• [DATA BELOW]:
"""

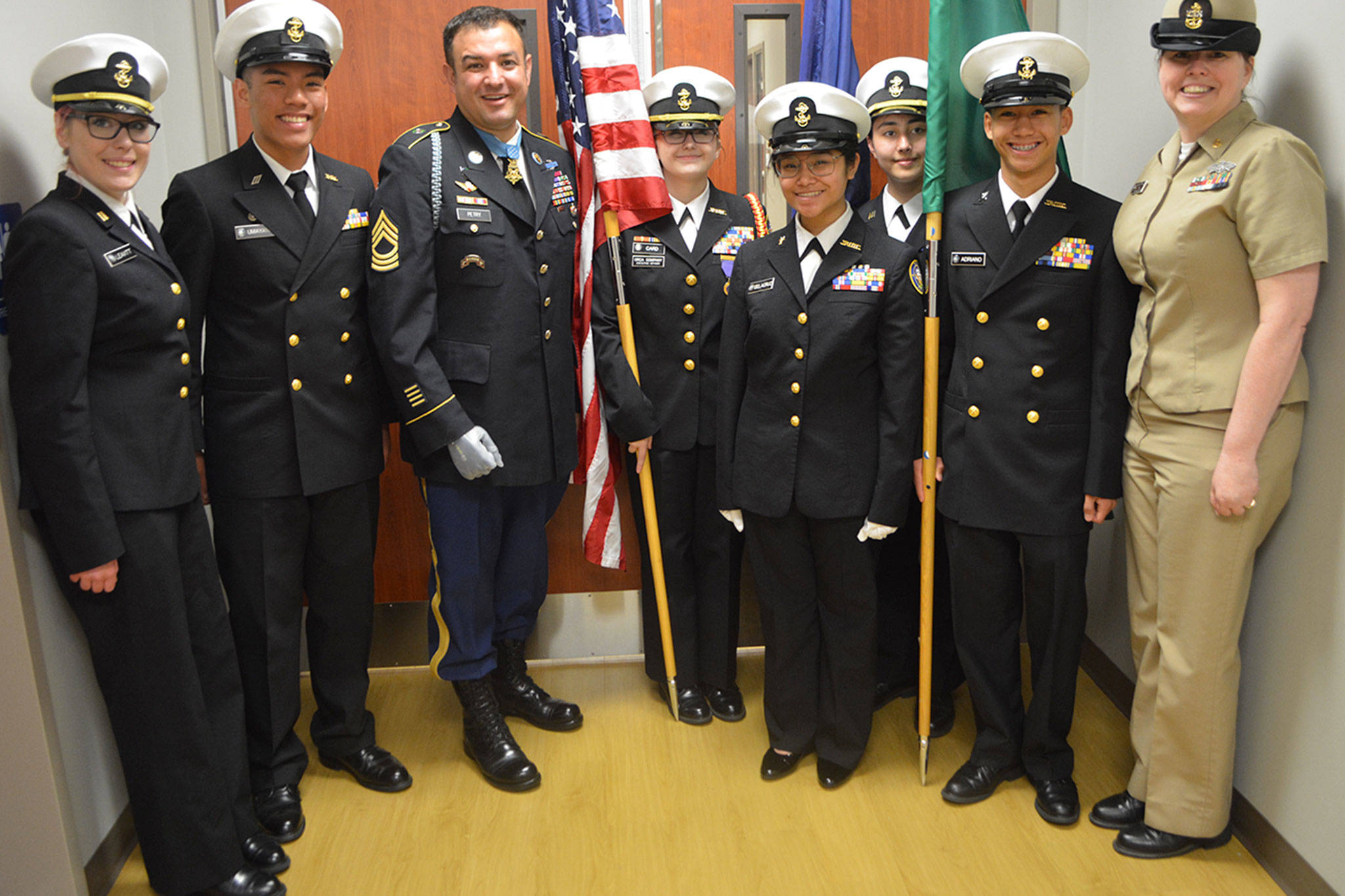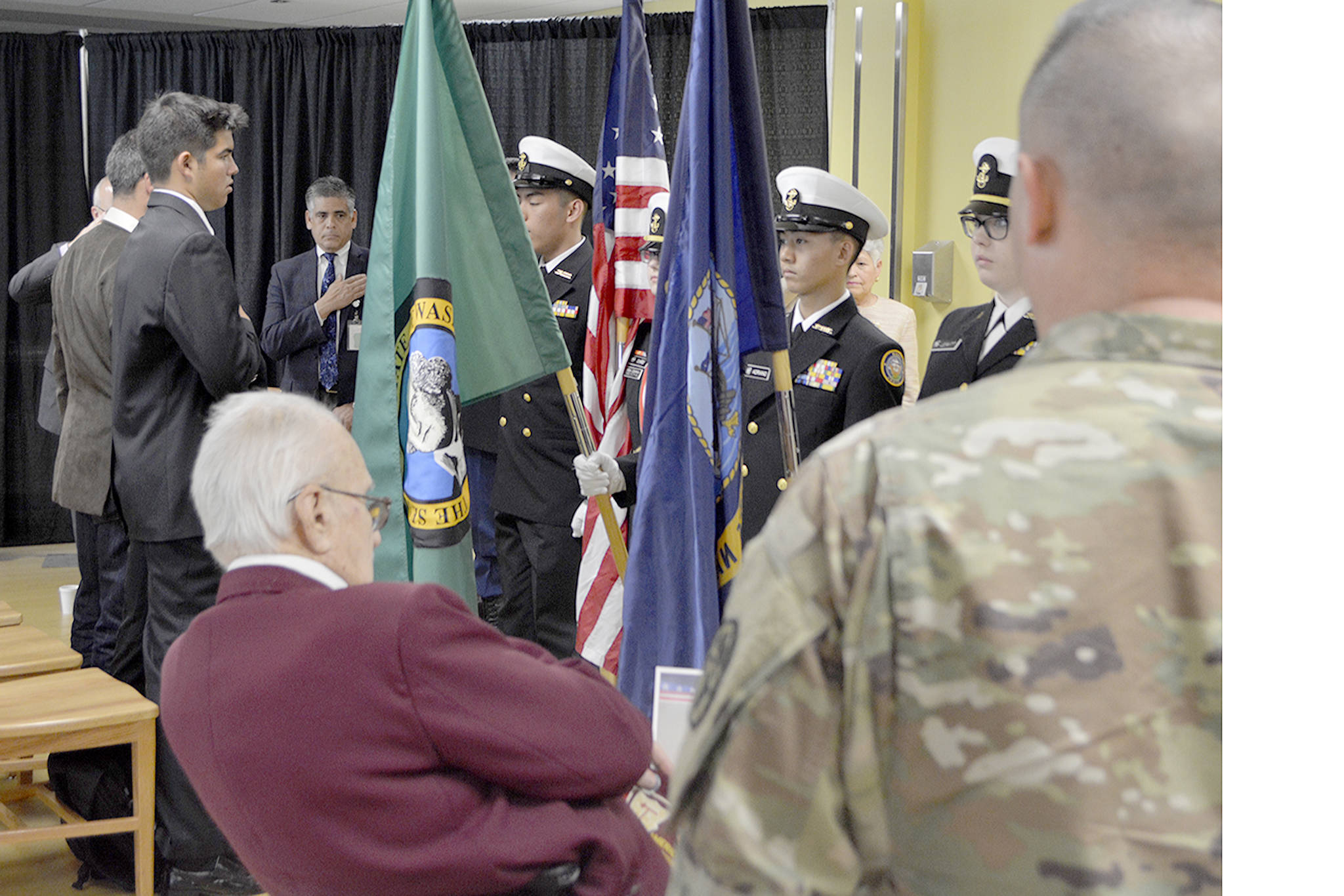 Editor’s note: The Marysville-Pilchuck Navy Junior ROTC presented the colors at the event. A few of the speakers applauded the cadets, especially Angela Delacruz, who sang the “Star Spangled Banner.”
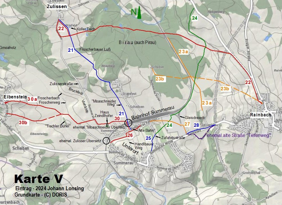 Anmerkung: Vom Ortsteil Kollern, in Zulissen ganz unten, nahe der Grenze zu Tschechien, gingen die Bewohner zur Kirche und zum Einkaufen eher ins näher liegende Reichenthal. Mussten sie aber nach Summerau zum Zug, so ging man über das „Gmoaholz“, das „Bruckfeld“ und die „Viehtrieb“ zum Bahnhof (Verlauf nicht dargestellt).
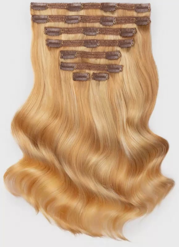 Take your look to the next level with our 20 inch Deluxe Clip-In Hair Extensions in Light Blonde with Strawberry Blonde Highlights. Crafted from the highest grade 100% genuine Remy human hair, these premium extensions provide luxurious length, volume, and a soft, silky finish that blends seamlessly with your natural hair.

"""

• [HOW TO COMPLETE THIS TASK]: The line containing "Anmerkung: Vom Ortsteil" marks the end; please output exactly the lines of the listing above from its first line through that line, without pictures.

• [EXERCISE ANSWER]:
 Editor’s note: The Marysville-Pilchuck Navy Junior ROTC presented the colors at the event. A few of the speakers applauded the cadets, especially Angela Delacruz, who sang the “Star Spangled Banner.”
 Anmerkung: Vom Ortsteil Kollern, in Zulissen ganz unten, nahe der Grenze zu Tschechien, gingen die Bewohner zur Kirche und zum Einkaufen eher ins näher liegende Reichenthal. Mussten sie aber nach Summerau zum Zug, so ging man über das „Gmoaholz“, das „Bruckfeld“ und die „Viehtrieb“ zum Bahnhof (Verlauf nicht dargestellt).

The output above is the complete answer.